Add a disable prevention rule - Administrator Guide - Cortex XSIAM - Cortex - Security Operations

Cortex XSIAM Documentation
Product
Cortex XSIAM
Creation date
2024-03-06
Last date published
2025-03-25
Category
Administrator Guide
Abstract

You can create granular exceptions to prevention actions defined for your endpoints.

You can create granular exceptions to prevention actions defined for your endpoints. In your disable prevention rules, you can specify hash types, file/folder paths, signers, certificate thumbprint, command line, or processes to exclude from the prevention actions triggered by specific security modules. These rules may be useful when you have processes that are essential to your organization, and must not be terminated. To cover all your endpoints, you can configure different exception rules per platform. Cortex XSIAM still generates alerts from the disabled rules.

Important

  • All applicable prevention actions are skipped for the files and process that match the properties defined in the rule.

  • Consider the consequences of disabling a prevention rule before you add the exception, and monitor it over time.

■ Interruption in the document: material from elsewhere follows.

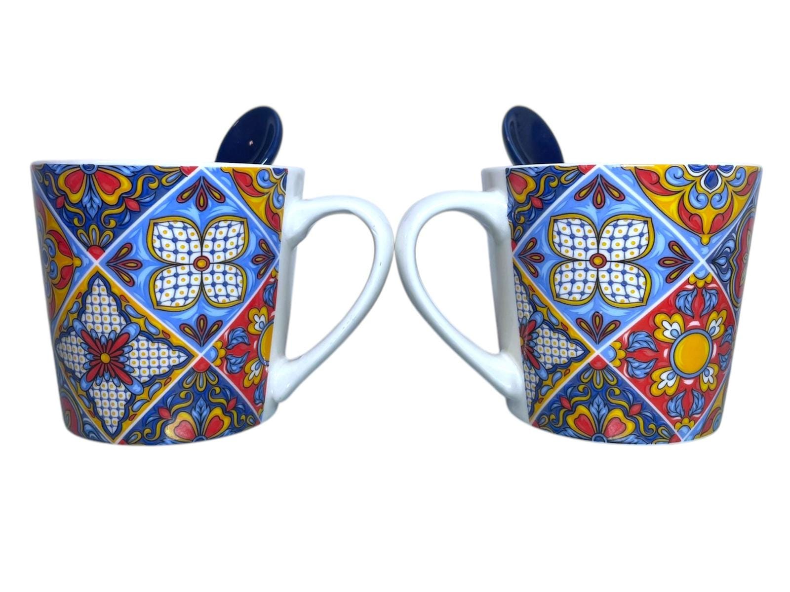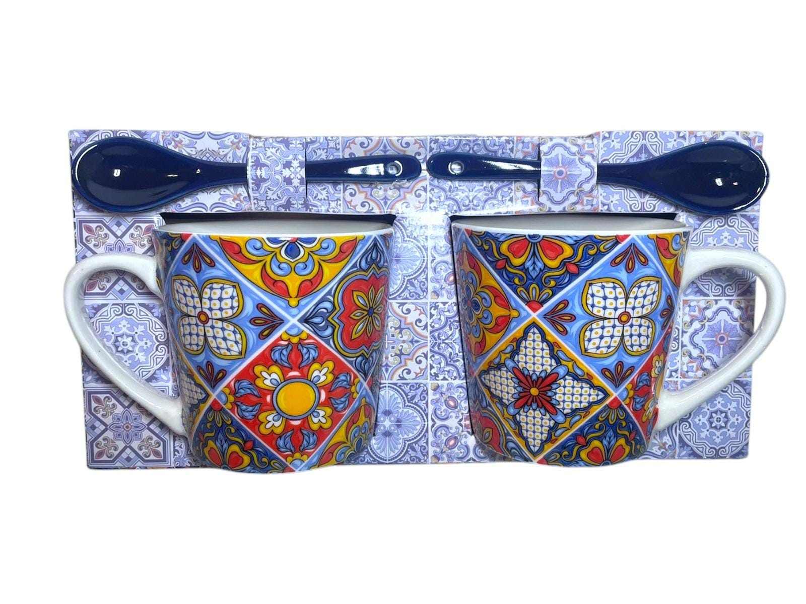 Portugal Azulejos Hand Painted Espresso Set of 2 Big Cups with Spoons in Gift Box Portugese Pottery Beautiful Gift from Portugal

  • You can only apply a Disable Prevention Rule to endpoints running Cortex XDR agents version 7.9 and later.

  1. Go to SettingsException ConfigurationDisable Prevention Rules.

  2. Click +Add Rule.

  3. For Rule Name, enter a meaningful name for the rule.

  4. (Optional) Enter a description for the business reason or intent for the rule.

  5. Click Next.

  6. For Platform, select the operating system that you require.

  7. Under Target Properties, you can configure any combination of parameters. If a parameter is not specified, all values are allowed.

    When you specify two or more values, the exception is applied only if the file satisfies all the specified target properties.

    You can use wildcards for matching the Command Line or Files/Folders path.

    • Hash: enter a specific SHA256 hash

    • Files/Folders: specify the path to the required files or folders

    • Command Line: specify a command line argument

    • Signer Name: specify a trusted signer

    • Certificate Thumbprint: specify a certificate thumbprint

  8. For Modules, select one or more security modules that won't trigger prevention actions.

    The actions triggered by the other modules are not affected.

  9. For Scope, select the scope for the rule:

    • If you want to apply the rule to all endpoints, select Global (all endpoints).

    • If you want to apply the rule to only specific exception profiles, click Exception Profiles, and then select them from the list.

  10. Click Next.

  11. Review the configurations for the exception, and if the risks are acceptable to you, select I understand the risk, and then click Create.